I think a simple choice that is quadratic in the length of the list of words is to verify that every pairing of list indices has the same equality characteristics in the two lists. I'll assume that you get the "words" and "pattern" as lists already and don't need to parse out spaces and whatever -- that ought to be a separate function's responsibility anyway.
function matchesPatternReference(words, pattern) {
if(words.length !== pattern.length) return false;
for(var i = 0; i < words.length; i++)
for(var j = i+1; j < words.length; j++)
if((words[i] === words[j]) !== (pattern[i] === pattern[j]))
return false;
return true;
}
A slightly better approach would be to normalize both lists, then compare the normalized lists for equality. To normalize a list, replace each list element by the number of unique list elements that appear before its first occurrence in the list. This will be linear in the length of the longer list, assuming you believe hash lookups and list appends take constant time. I don't know enough Javascript to know if these are warranted; certainly at worst the idea behind this algorithm can be implemented with suitable data structures in n*log(n) time even without believing that hash lookups are constant time (a somewhat questionable assumption no matter the language).

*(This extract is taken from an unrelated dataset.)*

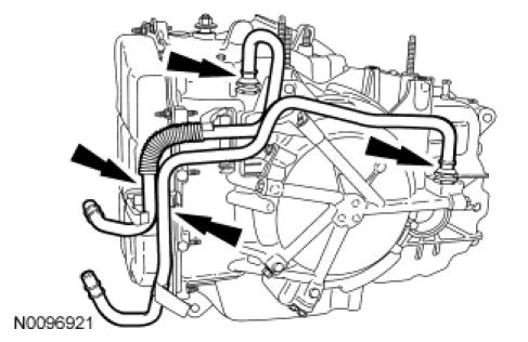 NOTE: If the transaxle was overhauled, or if installing a new transaxle and the transmission fluid cooler has not been flushed, flush the transmission fluid cooler at this time. For additional information, refer to Transmission Fluid Cooler Backflushing and Cleaning Transmission Fluid Cooler Backflushing and Cleaning. Clean the transaxle-mounted transmission fluid cooler tubes by hand.
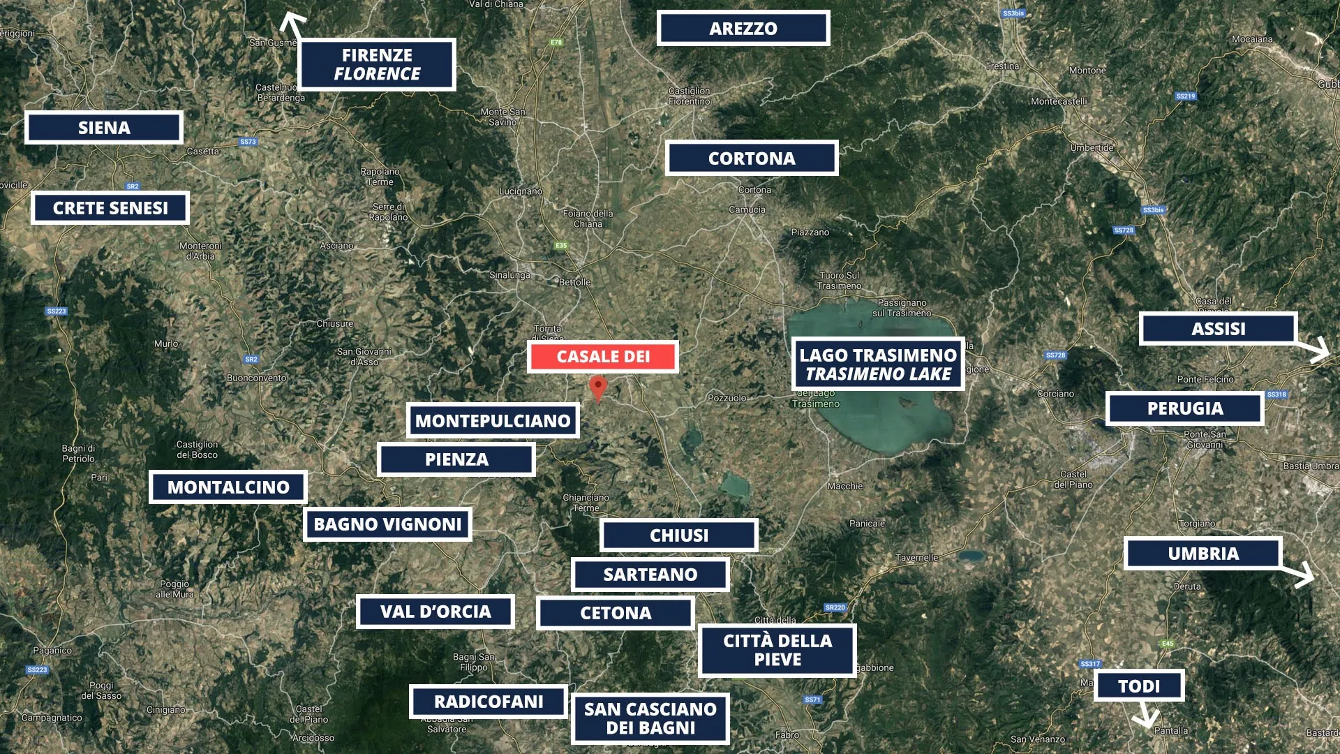 Casale Dei is located in the municipality of Montepulciano, the pearl of the Renaissance known for the grandeur of its Renaissance palaces, for the elegant beauty of its churches and for the Vino Nobile, one of the most internationally appreciated Tuscan wines. The geographical position between the Val d'Orcia and the Val di Chiana makes the house a strategic point from which to explore the wonders of Tuscany. From here you can easily reach the A1 motorway (the Chiusi/Chianciano Terme exit is only 20 km away) to visit cities such as Florence, Siena, Orvieto, Rome.

function normalize(words) {
var next_id = 0;
var ids = {};
var result = [];
for(var i = 0; i < words.length; i++) {
if(!ids.hasOwnProperty(words[i])) {
ids[words[i]] = next_id;
next_id += 1;
}
result.push(ids[words[i]]);
}
return result;
}
function matchesPatternFast(words, pattern) {
return normalize(words) === normalize(pattern);
}
Note: As pointed out in the comments, one should check deep equality of the normalized arrays manually, since ===
on arrays does an identity comparison in Javascript and does not compare elementwise. See also How to check if two arrays are equal with Javascript?.

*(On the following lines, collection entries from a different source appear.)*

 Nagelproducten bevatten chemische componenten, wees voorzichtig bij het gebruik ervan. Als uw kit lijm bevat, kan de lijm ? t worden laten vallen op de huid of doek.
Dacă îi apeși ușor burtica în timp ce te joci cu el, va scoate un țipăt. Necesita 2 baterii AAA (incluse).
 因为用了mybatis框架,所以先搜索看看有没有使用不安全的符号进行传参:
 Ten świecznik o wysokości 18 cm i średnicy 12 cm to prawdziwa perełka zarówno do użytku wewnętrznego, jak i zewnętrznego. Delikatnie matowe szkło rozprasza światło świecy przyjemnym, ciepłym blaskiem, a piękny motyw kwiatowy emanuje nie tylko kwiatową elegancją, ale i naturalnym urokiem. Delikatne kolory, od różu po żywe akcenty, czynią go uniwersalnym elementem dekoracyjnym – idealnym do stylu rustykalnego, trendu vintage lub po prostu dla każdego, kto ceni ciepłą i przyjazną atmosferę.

Addendum: Below I argue that matchesPatternFast
and matchesPatternReference
compute the same function -- but use the faulty assumption that ===
on arrays compares elements pointwise rather than being a pointer comparison.
We can define the following function:
function matchesPatternSlow(words, pattern) {
return matchesPatternReference(normalize(words), normalize(pattern));
}
I observe that normalize(x).length === x.length
and normalize(x)[i] === normalize(x)[j]
if and only if x[i] === x[j]
; therefore matchesPatternSlow
computes the same function as matchesPatternReference
.
I will now argue that matchesPatternSlow(x,y) === matchesPatternFast(x,y)

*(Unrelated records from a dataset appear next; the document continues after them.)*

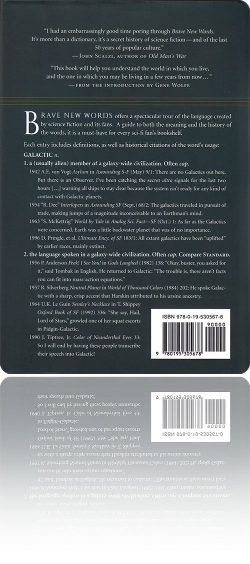 On y trouve, classés par ordre alphabétique, une foultitude de termes, d'aerocar à zero-g, en passant par bug-eyed monster, cyborg, dystopia, FTL (faster than light, bien sûr), humanoid, multiverse, neuronic, parallel universe, replicant, subspace, terraforming, j'en passe et des meilleurs. Chaque terme est suivi d'une définition, puis d'une série de citations dans l'ordre chronologique d'utilisation. Ainsi insectoid (adj.) est défini comme “insect-like” et suivi d'une citation tirée de Star maker (Créateur d'étoiles, 1937) d'Olaf Stapledon, puis de phrases tirées d'œuvres de Satterfield, Foster, Benford, Card et Jeter. La définition est parfois accompagnée d'explications plus détaillées ou de remarques.
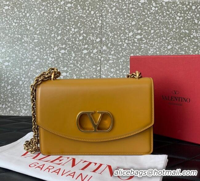 Best Price Valentino Vain shoulder bag in shiny calfskin with metallic VLogo Signature 2016 Yellow 2024
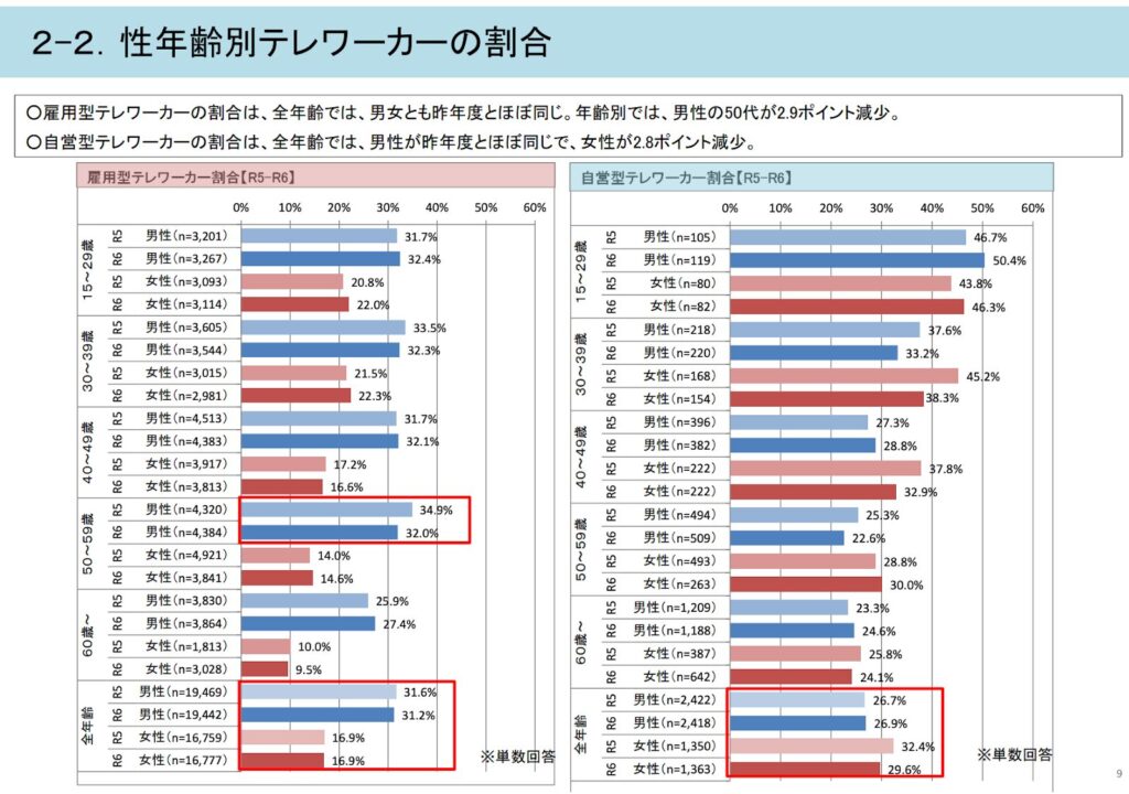 令和6年度の「テレワーク人口実態調査」によると、いわゆる在宅ワークを含む「自営型テレワーカー」は、全年齢の女性で約3割程度にとどまっています。
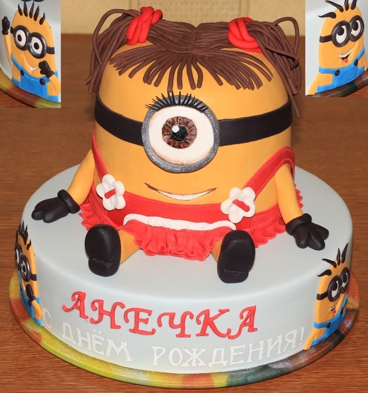 Спасибо. Все очень маленькое и составы легкие. Нижний ярус — ванильный на кипятке с маком, крем сливки и маскарпоне (2:1). Диаметр 24 см и высота всего 5,5 см. Получился в обтяжке чуть больше 2 кг. А сама Миньоночка — это медовик и сметанный крем, у нее диаметр 13 см и высота 12 см всего. Пухляша получилась, но более правильные пропорции не позволили сделать ограничения по весу. Мастику я тоже тонко раскатываю.
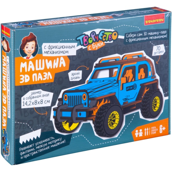 Набор BONDIBON ВВ4681 Творчество с Буки. 3D-пазл ВнедорожникС помощью яркого и оригинального 3D-пазла ребенок сможет самостоятельно собрать внедорожник с фрикционным механизмом, который позволит машинке при создании определенной силы трения-скольжения, быстро ездить вперед. Пазл состоит из 70 деталей, легко собирается. Все необходимое для сборки в комплекте. Готовая модель имеет размеры 14,2х8х8 см.Игра с объемным пазлом поможет ребенку в развитии усидчивости, фантазии, мелкой моторики и пространственного мышления.
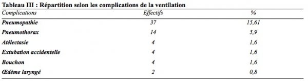 Les pneumopathies nosocomiales acquises sous ventilation mécanique représentaient la majorité des complications (15,6 %). Venaient ensuite les barotraumatismes représentés par lepneumothorax (5,9 %.) Les atélectasies, les bouchons de sonde, et les extubations accidentelles se partageaient chacune 1,6% (Tableau III).
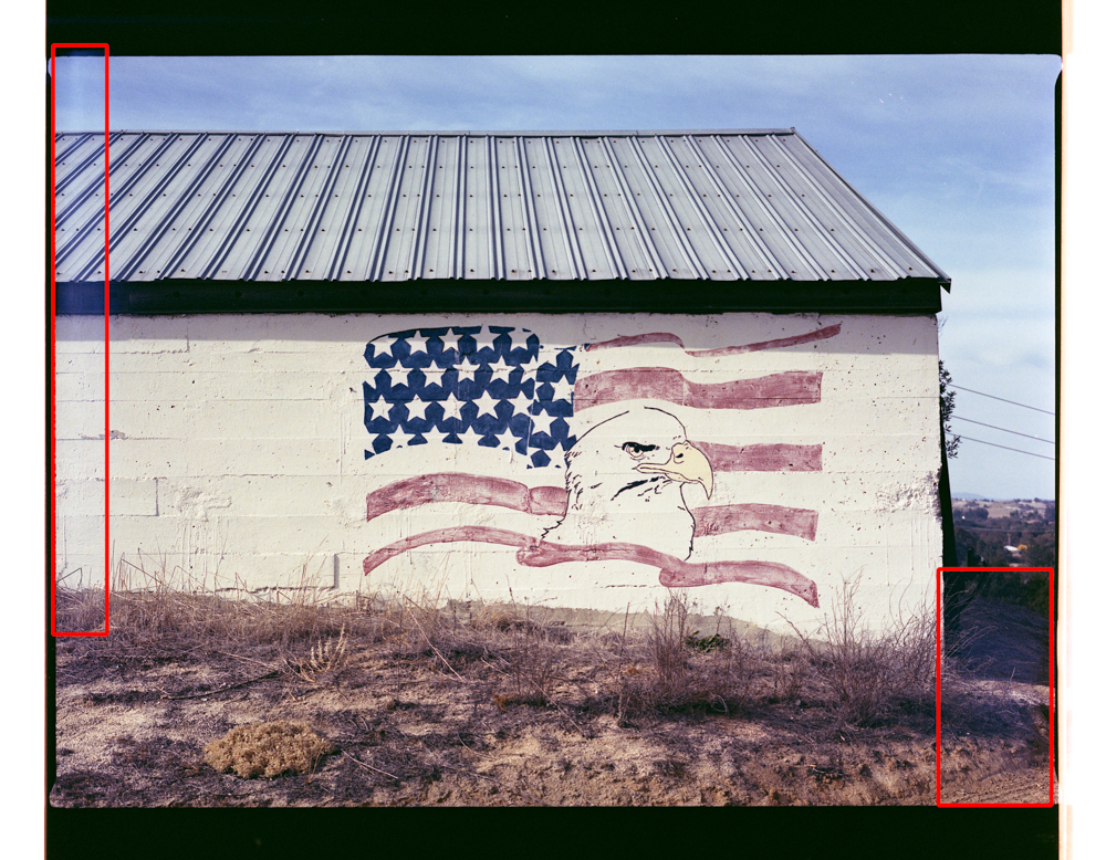 This looks more like a scanning artifact. Can you see greenish stripes on the negatives themselves in these places?2). Magenta coming in on the top and bottom of the neg (both images rotated 90º in Lightroom after scanning). Appears in both SF and Epson Scan, with neg rotated and moved into different positions. There is no density difference or obvious defect in the area on the neg itself (film is Ektar):

. Certainly if normalize(x) === normalize(y)
then we will have this property. matchesPatternFast
will manifestly return true
. On the other hand, matchesPatternSlow
operates by making a number of queries on its two inputs and verifying that these queries always return the same results for both lists: outside the loop, the query is function(x) { return x.length }
, and inside the loop, the query is function(x, i, j) { return x[i] === x[j]; }
. Since equal objects will respond identically to any query, it follows that all queries on the two normalized lists will align, matchesPatternSlow
will also return true
.
What if normalize(x) !== normalize(y)
? Then matchesPatternFast
will manifestly return false
. But if they are not equal, then either their lengths do not match -- in which case matchesPatternSlow
will also return false
from the first check in matchesPatternReference
as we hoped -- or else the elements at some index are not equal. Suppose the smallest mismatching index is i
. It is a property of normalize
that the element at index i
will either be equal to an element at index j<i
or else it will be one larger than the maximal element from indices 0
through i-1
. So we now have four cases to consider:
- We have
j1<i
and j2<i
for which normalize(x)[j1] === normalize(x)[i]
and normalize(y)[j2] === normalize(y)[i]
. But since normalize(x)[i] !== normalize(y)[i]
we then know that normalize(x)[j1] !== normalize(y)[i]
. So when matchesPatternReference
chooses the indices j1
and i
, we will find that normalize(x)[j1] === normalize(x)[i]
is true
and normalize(y)[j1] === normalize(y)[i]
is false
and immediately return false
as we are trying to show.
- We have
j<i
for which normalize(x)[j] === normalize(x)[i]
and normalize(y)[i]
is not equal to any previous element of normalize(y)
. Then matchesPatternReference
will return false
when it chooses the indices j
and i
, since normalize(x)
matches on these indices but normalize(y)
doesn't.
- We have
j<i
for which normalize(y)[j] === normalize(y)[i]
and normalize(x)[i]
is not equal to any previous element of normalize(x)
. Basically the same as in the previous case.
- We have that
normalize(x)[i]
is one larger than the largest earlier element in normalize(x)
and normalize(y)[i]
is one larger than the largest earlier element in normalize(y)
. But since normalize(x)
and normalize(y)
agree on all previous elements, this means normalize(x)[i] === normalize(y)[i]
, a contradiction to our assumption that the normalized lists differ at this index.
So in all cases, matchesPatternFast
and matchesPatternSlow
agree -- hence matchesPatternFast
and matchesPatternReference
compute the same function.